Colonel Madden had a question. Why not employ the techniques already developed for DEPARTMENT STORE? “We had some very effective methods of deploying 2,4,5-T, which contains dioxin,” he said to Rolsom. “The only difference here, as I see it, is that we need to disseminate TCDD in its pure form rather than as part of a weaker mix. Am I right?”
“You’re right, Colonel, but that difference is crucial. In the past we wanted to achieve maximum spread and penetration in the shortest time possible.” Rolsom pushed through a pair of rubber doors and held one aside for the others to follow. “But now we have to set precise limits and know we can confine the spread of TCDD within them. If we don’t, it’s going to get out of hand and kill our people too.”
“Including the Russians,” said Major Jones.
“Yes.”
“Maybe that can’t be helped anyway.” Madden’s laconic remark seemed to hold a number of veiled meanings.
In the next bay the party stood on a yellow gantry while Rolsom went on about “contaminatory media,” which Skrote understood to mean air, water and food.

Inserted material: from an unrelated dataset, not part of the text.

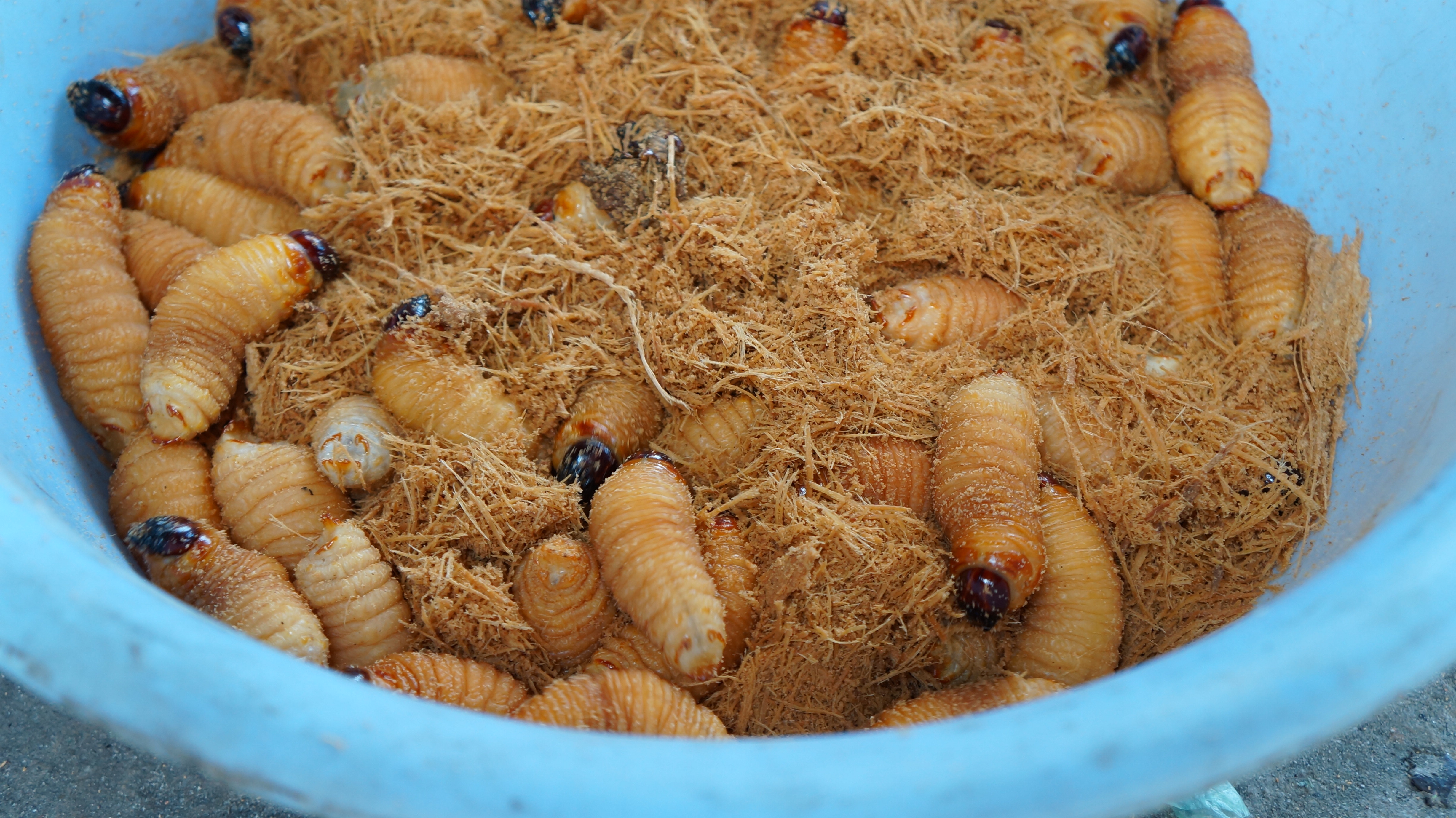 One lady called us over with a toothless smile and opened the lid of her bucket to reveal a writhing mass of yellow grubs each the size of a thumb. We both pulled a face that said “Yuk!” and politely declined her offer to fry a couple for us to sample.
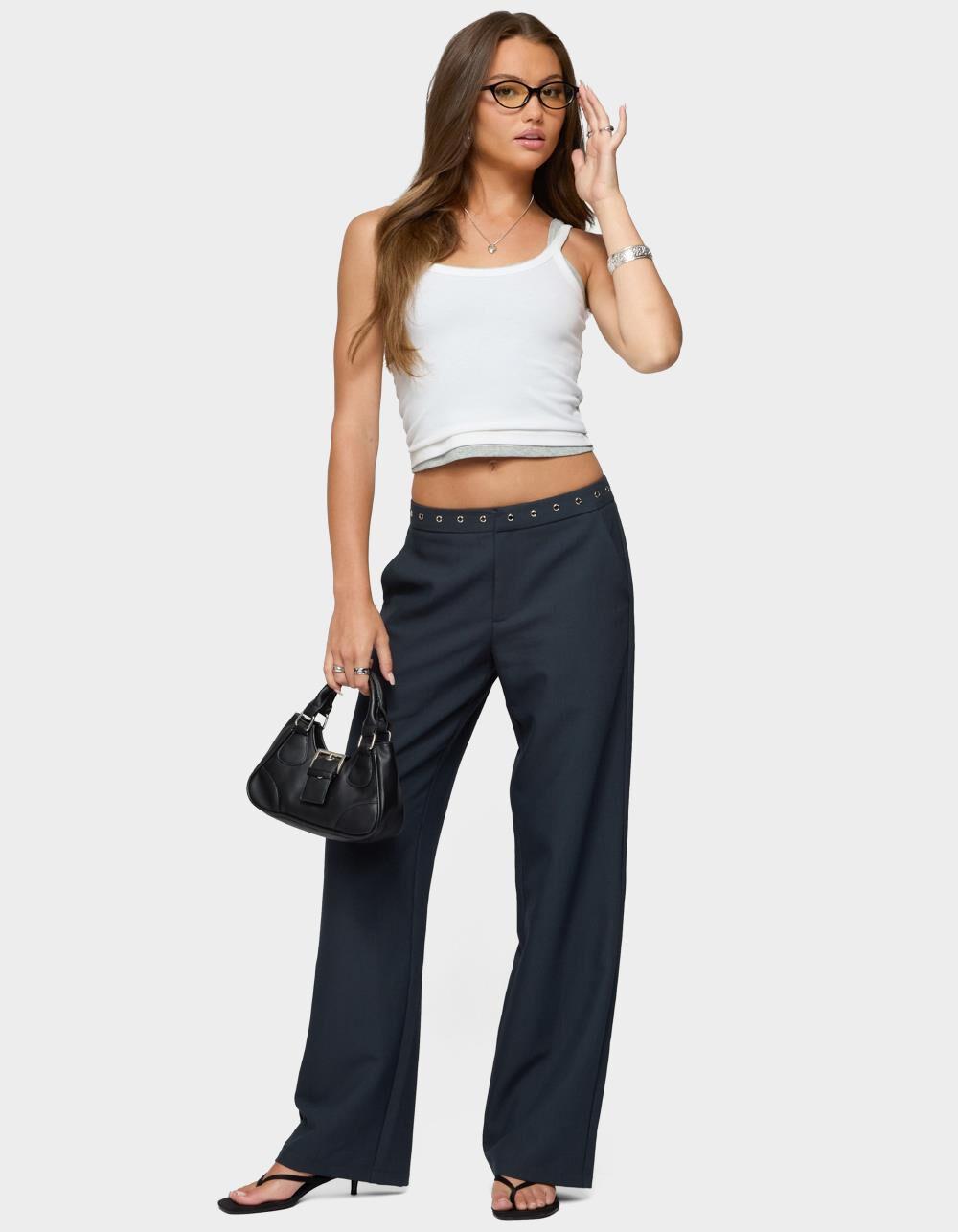 No closet is ever complete without the perfect pair of pants. Wear them with a cool corset for the ultimate put-together look. Pants. Straight leg fit. Grommet waistband. 80% Polyester, 16% Rayon, 4% Spandex. Model wears size S. Model height is 5'8. Item care: machine wash at maximum 30ºc, do not bleach, do not tumble dry, iron at a maximum of 110ºc, do not dry clean.This item is may take a few extra days to process. All other products in your order will be shipped separately.

“Drop a liter of TCDD in the Bombay water system and we can guarantee a wipeout of eighty to eighty-five percent of the population within a fifteen-mile radius. Unfortunately the rest of the city-dwellers drink collected rainwater. With food we can spray grain crops and rice fields, but again we can’t be certain of total wipeout. There’s the question of toxic runoff into the oceans too, which could spread the contaminant globally. However ...”
Rolsom beckoned and the group clustered around an angled observation panel. Inside the garishly lit chamber was a family of chimpanzees, two adults and five offspring. All were slumped or sprawled, eyes dull, patches of fur missing, the flesh raw underneath. Some of their fingernails had dropped off.
The director pointed out one of the small males, marked with a circle of red dye on its back. “That’s Chappaquidik. We injected him with a ten-ppm solution about a week ago. Look closely and you’ll see that he’s gone blind. But more interesting, from our point of view, he’s transmitted it to the others. Now they’re all starting to show symptoms.”
Skrote was surprised. “I didn’t know genetic damage caused by TCDD was contagious.”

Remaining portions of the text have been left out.